The picturesque vistas of the Franschhoek Valley are just as famous as its food and wine offering. In fact, so ambrosial are these two facets of this corner of the world, it’s no coincidence that the reasons your eyes pop at the beauty of the natural surrounds and that your tastebuds dance when they sip on wine or taste fare from such a setting, are the same.
This link was pertinent to the new owners when they acquired the farm in 2012. The 2000 hectre grounds are steeped within one of the most diverse and beautiful eco-systems on earth, with nutrient dense soils dating back some 1000 million years ago, the Cape Floral Kingdom, a fact that was the starting point for the extensive through-the-line refurbishment.
‘The impetus for us taking a holistic approach to revamping the farm was that agriculture is an important part of the Cape economy and Boschendal with its 2000 hectares is ideally suited to contribute to this. We also realised that the best way for us to share the incredible heritage and environment of the farm is through an accommodation and hospitality offering,’ says co-owner Sam Lundie.

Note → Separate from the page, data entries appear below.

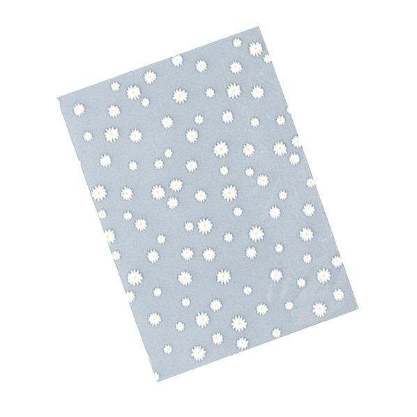 白いお花がかわいらしいOPP袋。シンプルなデザインなのでさまざまな場面でお使いいただけます。クリスタルパックは、国産のフィルムを使用した高品質で安心のシリーズです。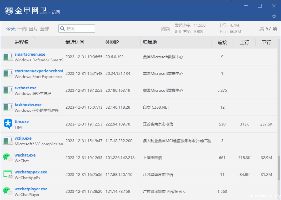 金甲网卫可记录安装机器所有进程对互联网访问的日志,包括访问次数、拒绝次数及流量;可解析进程访问目标IP的所在地区,进程每日对互联网访问的行为一目了然。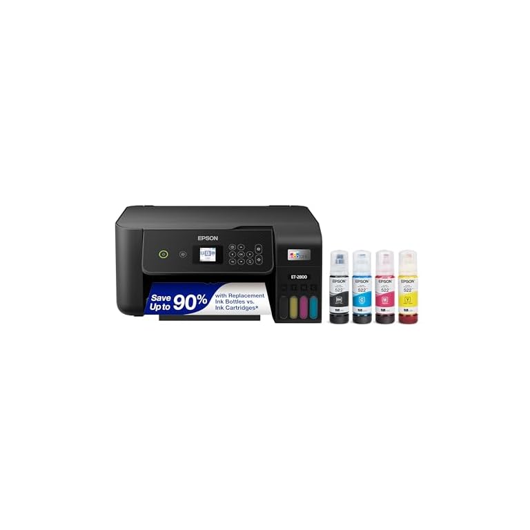 Epson EcoTank ET-2800 Wireless Color All-in-One Cartridge-Free Supertank with Scan and Copy, The Ideal Basic Home Printer – Black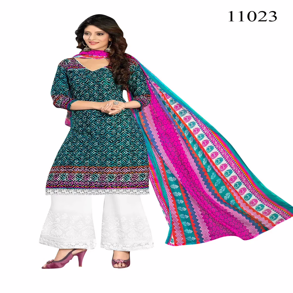 A splash of Green colours is thisprinted coloured suit set from V&D, owing to the ikat print and Lace Border on the kurta. The suit set comprises a printed kurta, with an White Palazzo and Printed dupatta. V neckline with 3/4 sleeves gives a chic look to the kurta of this set. The 100% Cotton fabric construction makes this suit set light and highly comfortable. This kurta can be teamed with minimal jewellery and ethnic footwear.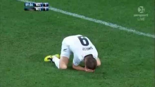 Komentari 9Nogometaš Novog Zelanda Shane Smeltz u posljednjim trenucima utakmice protiv Nove Kaledonije dobio je udarac kopačkom u glavu, ali za suca to nije bio prekršaj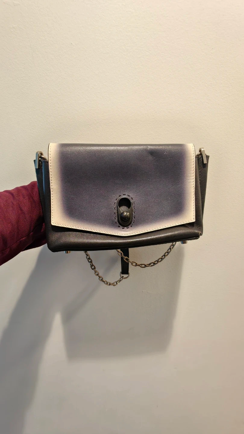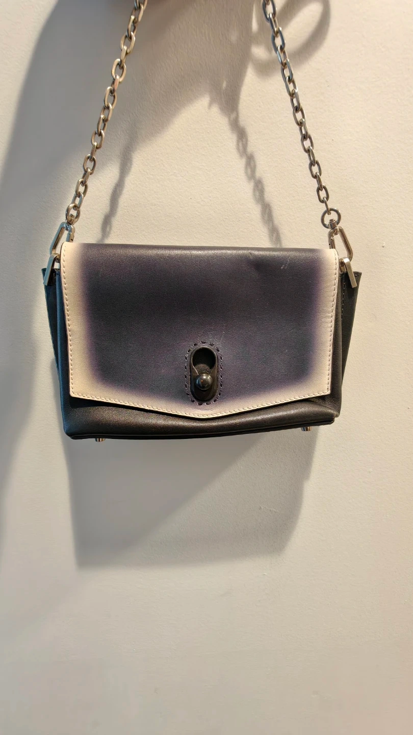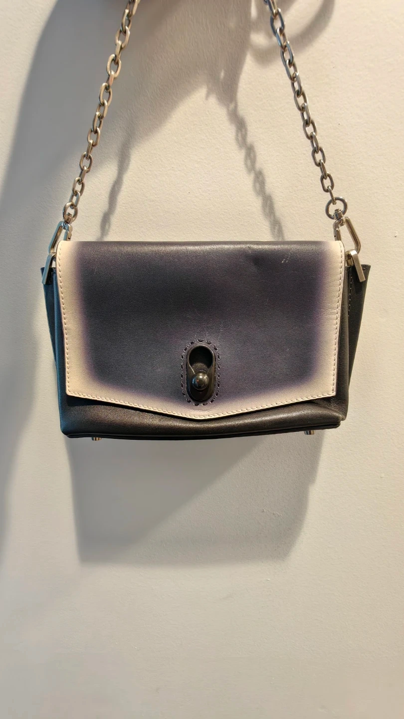 Selling a shoulder bag in black and white leather. It's in great condition and features a stylish chain strap. Perfect for adding a touch of sophistication to any outfit!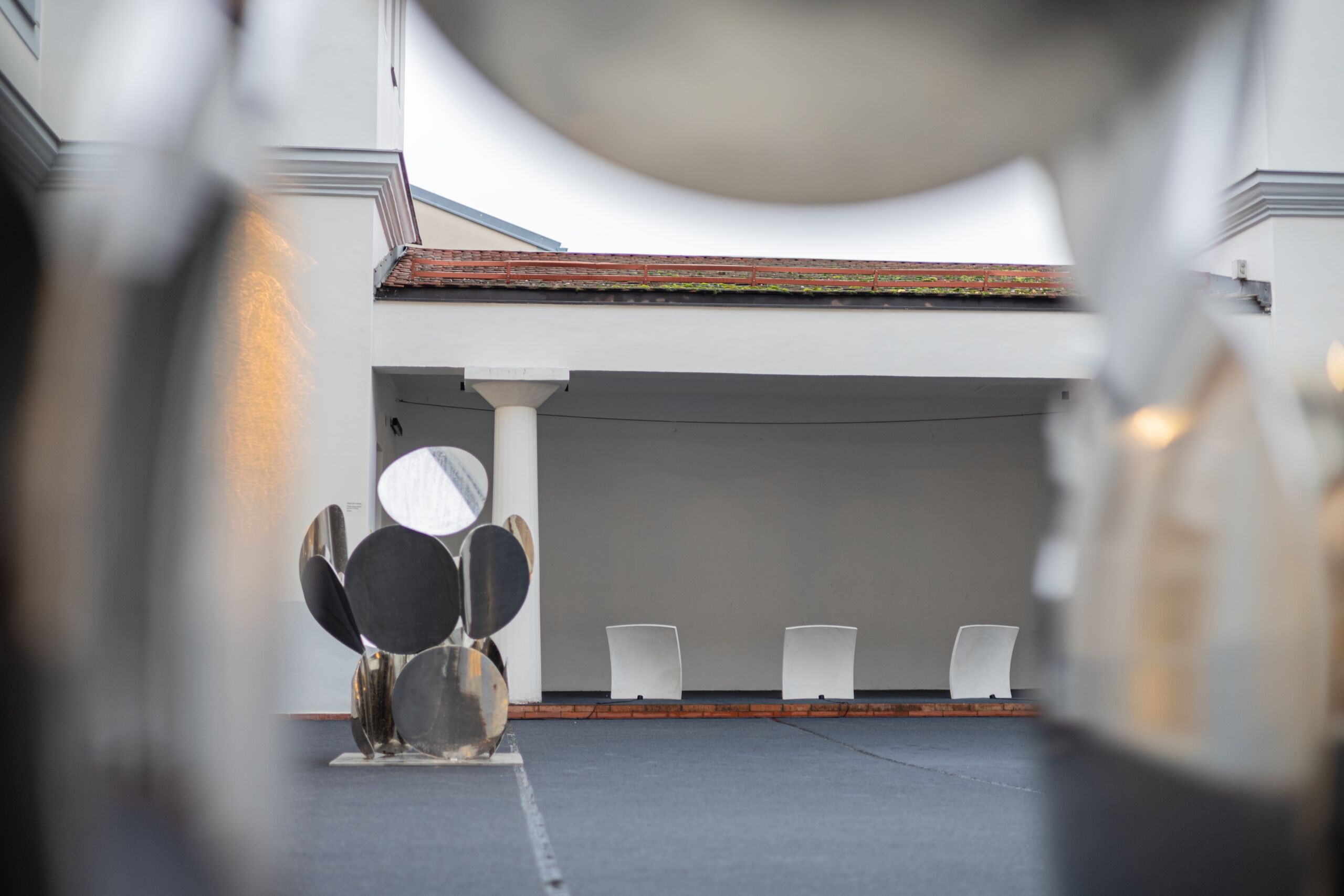 Silaskom u prizemlje i izlaskom u ugodni atrij muzeja susrećemo se s preostalim Svjetlosnim formama koje ovisno o dobu dana reflektiraju danje svijetlo, odnosno muzejsku rasvjetu. Tamo nas čeka i treći suvremeni rad u dijalogu s Bakićem – Polje djelovanja: Gorući užitak Sare Salamon. Ovom audio radu moramo se približiti da bi ga čuli, zvukovi šume reflektiraju odsutnost tog okoliša u muzejskom prostoru, ali nas kroz akustična ogledala i usmjereni zvuk na trenutak pomiču van prostora u kojem se nalazimo. Šuma, ključno mjesto narodnooslobodilačke borbe i Bakićeve spomeničke plastike tako dodaje još jedan sloj istraživanju Bakićevih procijepa.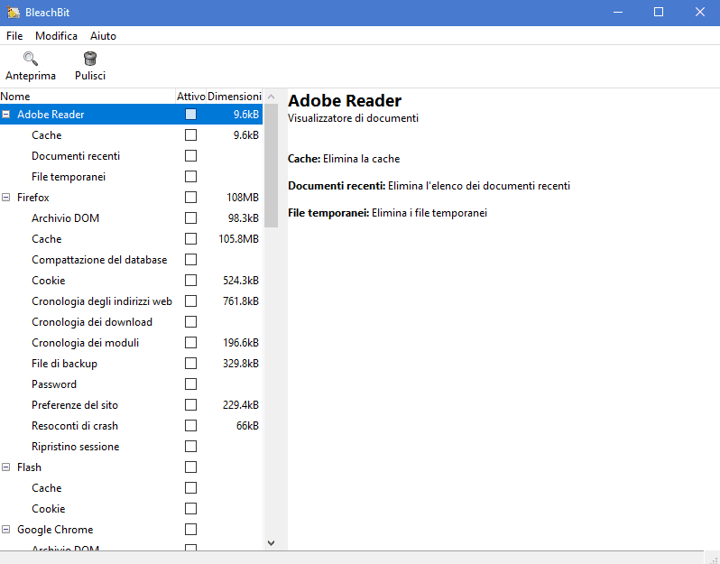 Questo piccolo strumento è gratuito e risulta molto semplice da usare: infatti dopo l’installazione dalla schermata principale possiamo spuntare le voci che vogliamo ripulire, cliccando su Anteprima possiamo aver un idea di quanti file è possibile eliminare.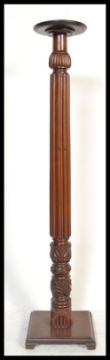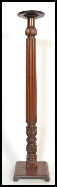 A 19th century Victorian mahogany torchere plant stand of tall form raised on tripod base with reeded column and circular terraced top. Measures: 137cm high.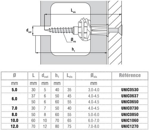 Cheville polypropylène HD. Excellent verrouillage de forme grâce à la déformation de la cheville. Fonctionne dans tous types de matériaux (béton, maçonnerie pleine et creuse, plâtre et parpaing creux). Utilisable de -10°C à +60°C.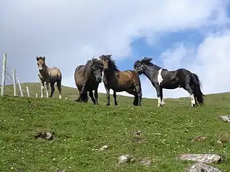 Poneys danois en pâture sur l'île de Bornholm | |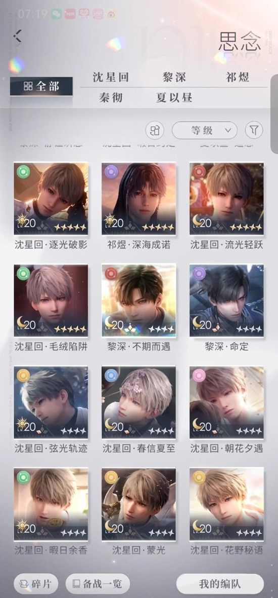 1.优先升级所有男主的四星卡和五星卡至20级并突破,三星卡看情况,如果特别缺再升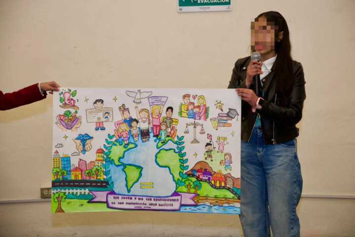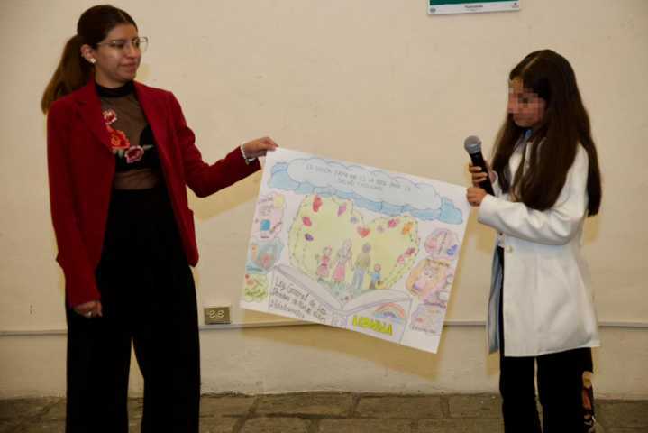 Durante la jornada, las y los participantes presentaron creaciones artísticas en las que plasmaron, desde su perspectiva, la importancia de garantizar derechos fundamentales como la educación, la salud, la igualdad y la protección, fortaleciendo así su formación como agentes de cambio en sus comunidades.

And so began a multi-faceted approach that started from the ground up, namely, the adoption of regenerative farming techniques to improve the soil quality. The implementation of cover crops in the vineyards, clearing of alien vegetation, the rearing of a herd of free-to-roam, pasture-reared Angus cattle and a free-range chicken coop, all aiding this. A large number of indigenous fruit trees were planted as well the formation of a five-acre organic food garden designed by Jan Blok. Where all of this behind-the-scenes activity really comes into its own however is in the hospitality offering.
‘Our whole approach about farming holistically is to provide an opportunity for the public to see and eat food produced within the confines of a single estate.’ – Sam Lundie
On the accommodation side, the 22 self catering Werf and Orchard cottages, once old farm worker’s homes, were renovated by architect Phillip Briel – who also designed the new Olive Press conference and function venue- and refurbished by interior designers Graham Viney and Danella Conti.
The Werf Restaurant is the current darling of the Winelands culinary scene, where chef Christiaan Campbell’s gastronomic alchemy is thanks in most part to the quality ingredients grown on the farm. The elegant design of the restaurant, spear-headed by Spanish designer Lazaro Rosa-Violan, includes its orientation towards the bountiful food garden, making the experience one of ‘what you see is what you eat’, a mantra suited to much of the ethos here. The new wine-tasting venue (the chocolate and wine pairing experience an absolute treat), the new butchery serving cuts and cures of the resident Angus cattle, the farm shop of locally-made goods as well as the more informal deli, all complete the hospitable experience of the farm.
Despite it’s convoluted history, Boschendal’s creating a new legacy of ethical food production and its sharing. The full potential of this however, to be realized in decades to come. We’ll toast to that!